According to biomedical users who have tested the system, SEACOIN provides reasonable suggestions to drill down the recalled literature. The popularity of ‘Also try’ feature proves that the suggested words meet the users’ actual needs when filtering or navigating retrieved literature. SEACOIN covers more than 50% of ‘Also try’ suggestions through topology visualization. For example, when ‘cancer’ is the search key, ‘Also try’ suggests ‘breast cancer’, ‘lung cancer’, ‘prostate cancer’, ‘cancer stem’, and ‘colorectal cancer’. SEACOIN also suggests ‘breast’, ‘lung’, and ‘prostate’ as possible words to combine with ‘cancer’. However, ‘important words’ of Anne O’Tate rarely overlap with those of ‘Also try’ of PubMed or SEACOIN.
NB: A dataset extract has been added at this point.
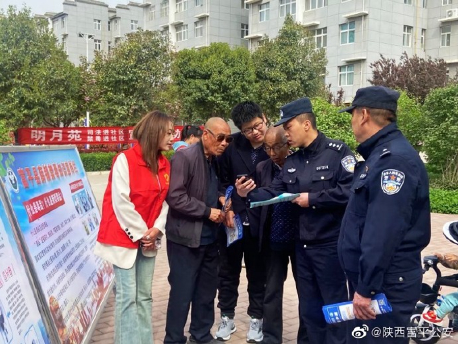 【富平公安:禁毒宣传进社区】4月12日,富平公安薛镇派出所联合司法所开展禁毒宣传进社区活动。民警向社区居民讲解了新型毒品种类、危害及预防涉毒违法犯罪的方式等内容,号召广大群众在自觉抵制毒品诱惑的同时,还要增强社会责任感,主动向身边的亲朋好友进行禁毒宣传,积极营造全民禁毒的宣传氛围。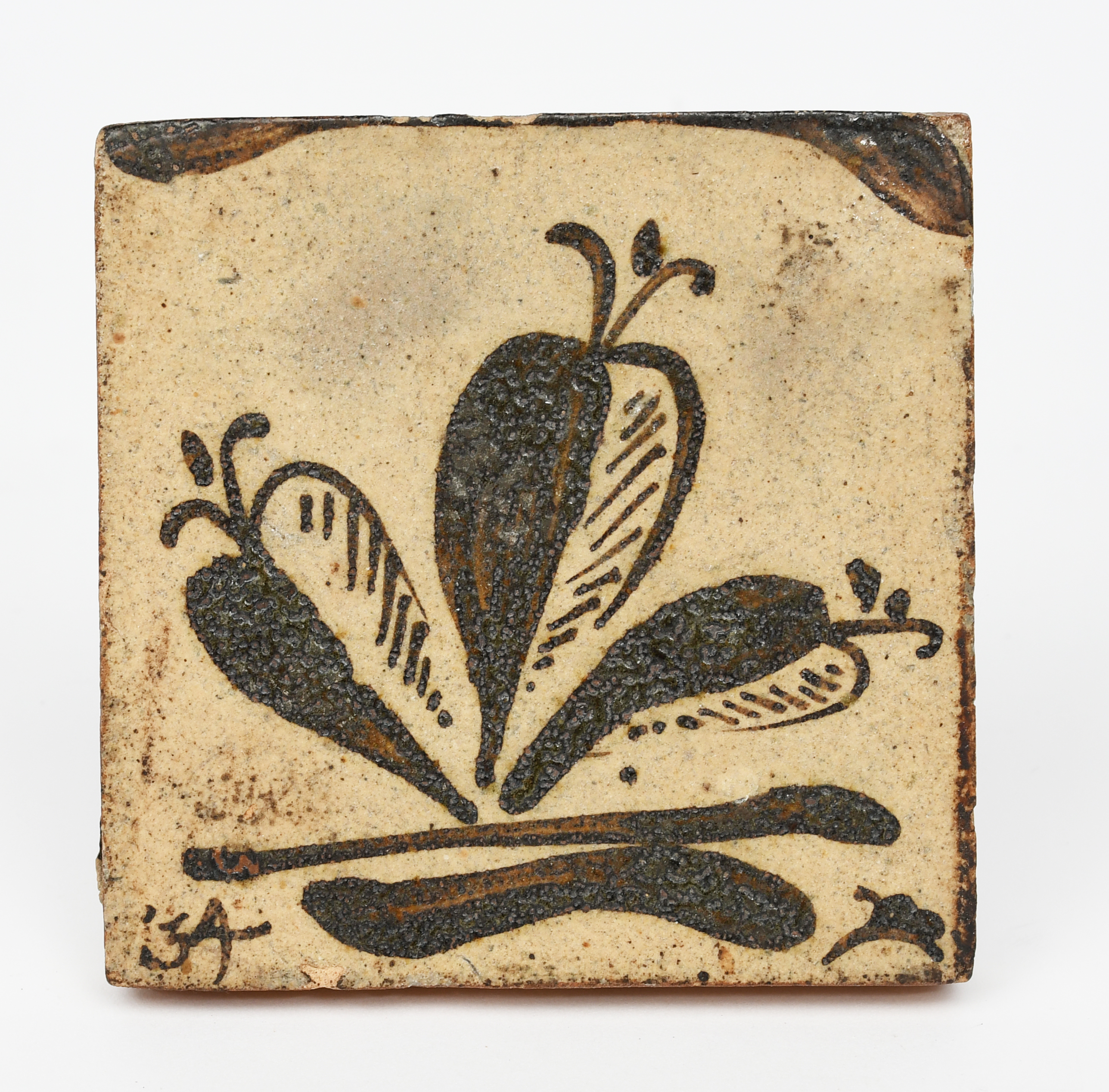 a stoneware tile dated 1934, painted with an exotic flower in tenmoku on an oatmeal ground, painted 34 date and BL monogram, impressed M Pottery seal marks to reverse, 10.5cm. square

We also note that the word cloud of SEACOIN contains words that are sufficiently representative of the query word entered by the user. All the words from the word cloud are similar to the word set obtained by applying the Topic Modeling technique directly to the same data set. Topic modeling in Mallet enables users to analyze large volumes of unlabeled text based on a probability model26. Using contextual clues, topic models can connect words with similar meanings and distinguish between uses of words with multiple meanings26. SEACOIN and Topic Modeling word cloud results share an average of 70% similarity among the five search keys. Specifically, 75% of the words with search key ‘cancer’ are the same (Figure 5). Compared to the result of Topic Modeling, word cloud of SEACOIN obtained by tokenizing and counting frequency of each word in retrieved abstracts appears to be more appropriate because of its effort in avoiding word iteration. From these results, we can say that word cloud of SEACOIN provides a sufficient summary of the retrieved literature with meaningful words.
Figure 5.
SEACOIN tag cloud versus Topic Modeling results of cancer. The two procedures share 75% common words.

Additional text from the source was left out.